This is the first brooder I had. (I'll post a picture of the new brooder later.) Some people think you have to have an expensive, elaborate brooding system, but when it comes right down to it, all that a brooder consists of is a heat source (it has to keep the chicks at least 90 to 95 degrees F), a watering system (no, not just a bowl...chickens love to get into everthing), a feeding system (make sure that the chicks can't get into it or tip it), and a waste management system (which can be as simple as taking out the chicks and replacing the wood chips...but that is stressful for you and the chicks).
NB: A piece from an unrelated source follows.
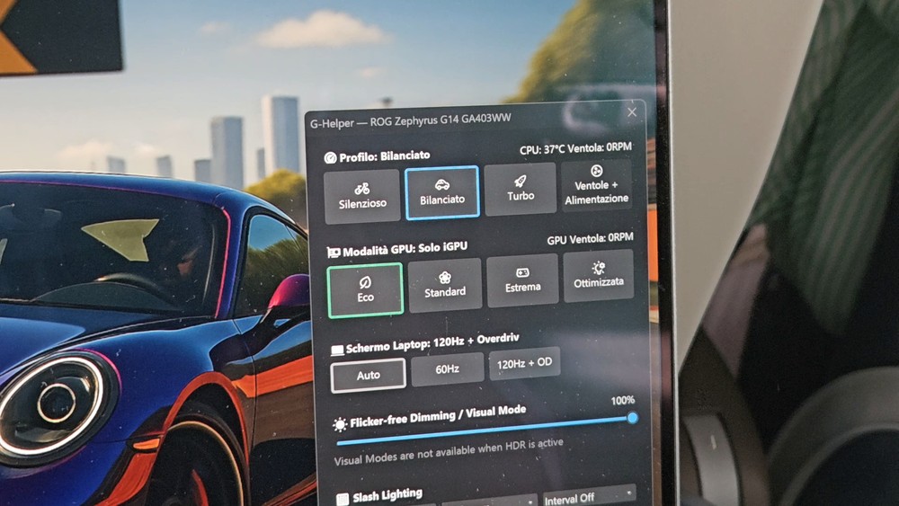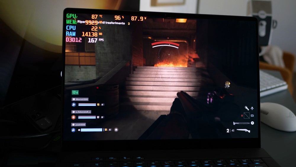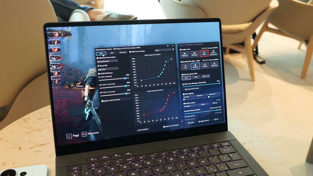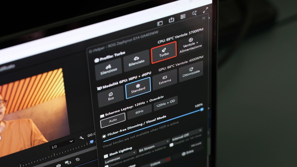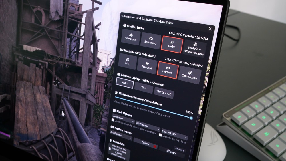 Parlando di gaming nudo e crudo, tramite G-Helper ho forzato la modalità Turbo ed “Estrema”, che in breve significa utilizzare soltanto la dGPU per evitare che qualche app sfrutti invece la iGPU. Ho anche impostato le ventole al massimo, così da non aver alcun dubbio sulla dissipazione. Siamo in piena estate ed è inevitabile avere temperature leggermente più proibitive, durante una sessione di gaming non reputo un problema avere le ventole un po’ più rumorose dal momento che comunque il tutto viene sovrastato dal volume di gioco.

This was our prize chicken, coming in dressed at 10 lbs and 13 oz!
One thing that Dad has talked about his childhood (''way back in the old days'') is when they would butcher a chicken for dinner and that when they plucked it the smell was horrible. Well, with 25 to 50 chickens ready to go into the freezer, what were we going to do? Easy! The feedyard is owned by the amish and they were more then happy to tell us that there was someone in their community that butchers all sorts of fowl for $2 a chicken, $3.50 a turkey, and $4 a duck. (Ducks have to be coated with wax to remove the feathers...which is why they cost more to butcher.)
Mmmm....!
...And this is Buttermilk (the name probably came from the mottled look???). Buttermilk was raised with our first batch of broilers (meat birds) and a layer (or so we thought...at first we called him Henrietta and later called him Henry for obvious reasons). Neither of them went to the great chicken yard in the sky as the broilers did that summer.
The bowl that Buttermilk is in is also our dog's water bowl! What is not shown in this picture is that it's drenching rain outside and that poor Henry is wet to the skin. Thankfully the picture was taken in the dog days of August. The reason the ground isn't wet is because of the heavy foilage above them. Even after months of calling Henry ''Henry'' he wouldn't budge, but when you yelled Henrietta, he would bolt toward you!
These are our Freedom Rangers...all 50 of them! From the start I raised chickens in batches of 25 because of the small amount of protected forage available to me. But when my twin sister Lizzie decided to stop raising goats, the 80x80ft (almost a quarter of an acre) pen made of 4''x4'' goat wire was just what was needed to allow the chickens to roam during the day completely protected. At night, we put them into two hoop house chicken tractors that were easy to build, light weight, and big (a good advantage especially with 50 chickens). This protected them from the foxes, raccoons, opossums, etc.
The two pens are made of 2x4s screwed into a square or rectangle, 2''x4'' fencing (high enough to stand up in), and rabbit wire a foot high all around the perimeter. Why rabbit wire instead of chicken wire? Easy...raccoons, opossums, and other animals can bite through the chicken wire and get to the chickens. The newest batch of chicks ship on the 18th of April, so I'll be sure to post a picture of them when they arrive!
This is Tom, one of our turkeys. One day at the farmer's market we passed by the animal section as we always do, and one of the amish sellers was selling 4 week turkey poults. Well, I had really wanted to raise turkeys for some time so Mom let me get three: Tom whom you've met, and two hens named Dick and Harry! We should be going to the farmer's market soon to buy 6 more to raise this year.